*** DATA LISTING Section Begins ***

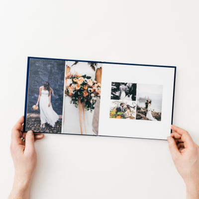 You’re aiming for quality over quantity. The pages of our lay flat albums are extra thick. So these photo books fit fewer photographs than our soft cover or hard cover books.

*** DATA LISTING Section Ends ***
*** DATA LISTING Section Begins ***

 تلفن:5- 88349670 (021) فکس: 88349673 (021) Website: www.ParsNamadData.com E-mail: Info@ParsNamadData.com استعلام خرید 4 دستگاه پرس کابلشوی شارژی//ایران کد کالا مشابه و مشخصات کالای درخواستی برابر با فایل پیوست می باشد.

*** DATA LISTING Section Ends ***
*** DATA LISTING Section Begins ***

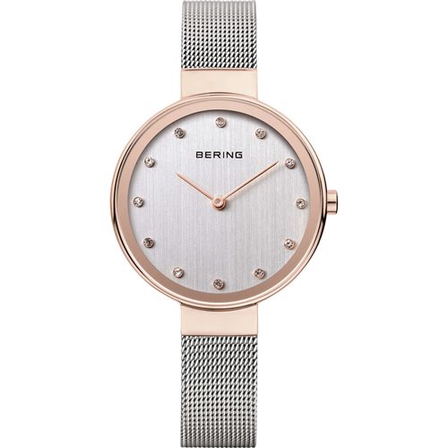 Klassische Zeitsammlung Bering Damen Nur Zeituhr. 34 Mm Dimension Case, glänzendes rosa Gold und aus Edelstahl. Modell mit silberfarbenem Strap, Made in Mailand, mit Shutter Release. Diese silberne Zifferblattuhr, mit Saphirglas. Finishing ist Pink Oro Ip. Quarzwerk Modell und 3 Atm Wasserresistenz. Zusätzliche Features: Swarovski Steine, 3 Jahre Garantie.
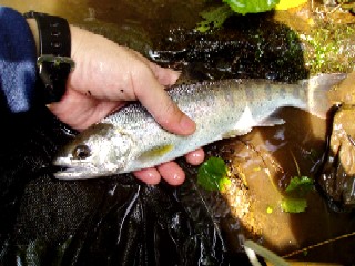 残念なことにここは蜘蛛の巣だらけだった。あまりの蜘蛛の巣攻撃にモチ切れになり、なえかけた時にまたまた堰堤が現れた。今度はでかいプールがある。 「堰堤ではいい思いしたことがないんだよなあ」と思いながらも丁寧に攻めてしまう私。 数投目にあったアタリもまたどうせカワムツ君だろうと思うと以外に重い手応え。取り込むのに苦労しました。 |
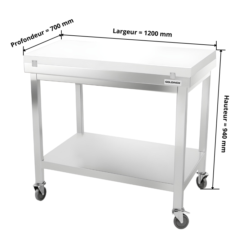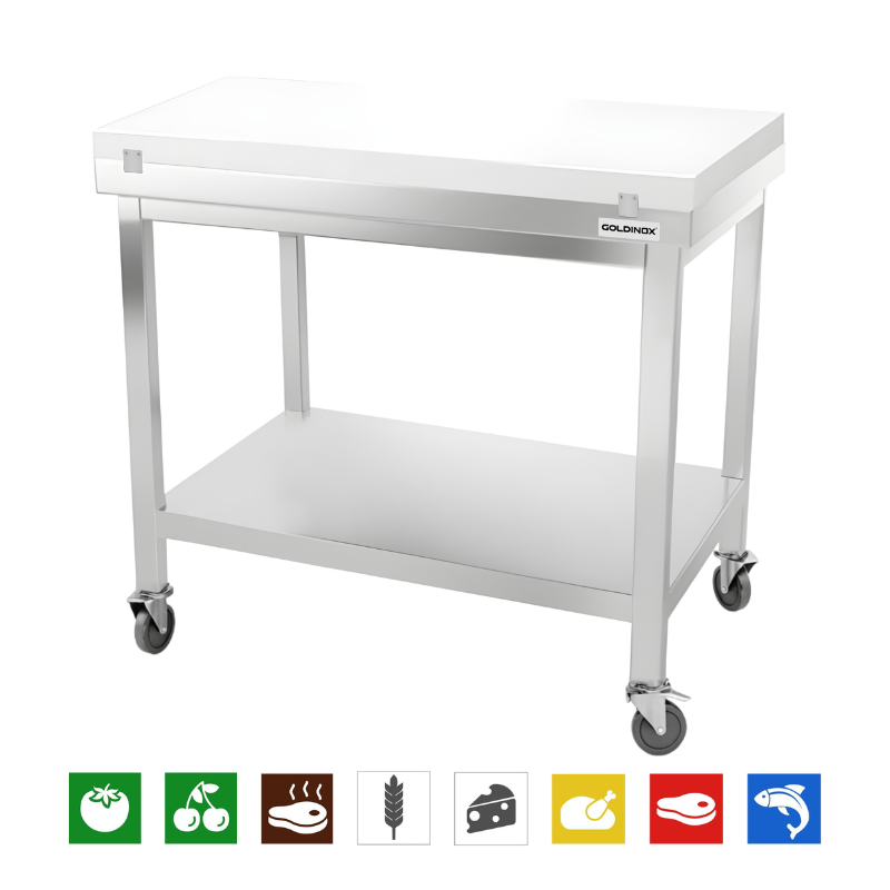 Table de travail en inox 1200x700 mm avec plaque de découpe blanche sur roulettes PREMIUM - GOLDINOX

*** DATA LISTING Section Ends ***

WHAT TO DO | Copy exactly the lines of the entries above from the one containing "Klassische Zeitsammlung Bering" through the one containing "Table de travail". Both end lines count; pictures do not.

RESPONSE |
 Klassische Zeitsammlung Bering Damen Nur Zeituhr. 34 Mm Dimension Case, glänzendes rosa Gold und aus Edelstahl. Modell mit silberfarbenem Strap, Made in Mailand, mit Shutter Release. Diese silberne Zifferblattuhr, mit Saphirglas. Finishing ist Pink Oro Ip. Quarzwerk Modell und 3 Atm Wasserresistenz. Zusätzliche Features: Swarovski Steine, 3 Jahre Garantie.
 残念なことにここは蜘蛛の巣だらけだった。あまりの蜘蛛の巣攻撃にモチ切れになり、なえかけた時にまたまた堰堤が現れた。今度はでかいプールがある。 「堰堤ではいい思いしたことがないんだよなあ」と思いながらも丁寧に攻めてしまう私。 数投目にあったアタリもまたどうせカワムツ君だろうと思うと以外に重い手応え。取り込むのに苦労しました。 |
 Table de travail en inox 1200x700 mm avec plaque de découpe blanche sur roulettes PREMIUM - GOLDINOX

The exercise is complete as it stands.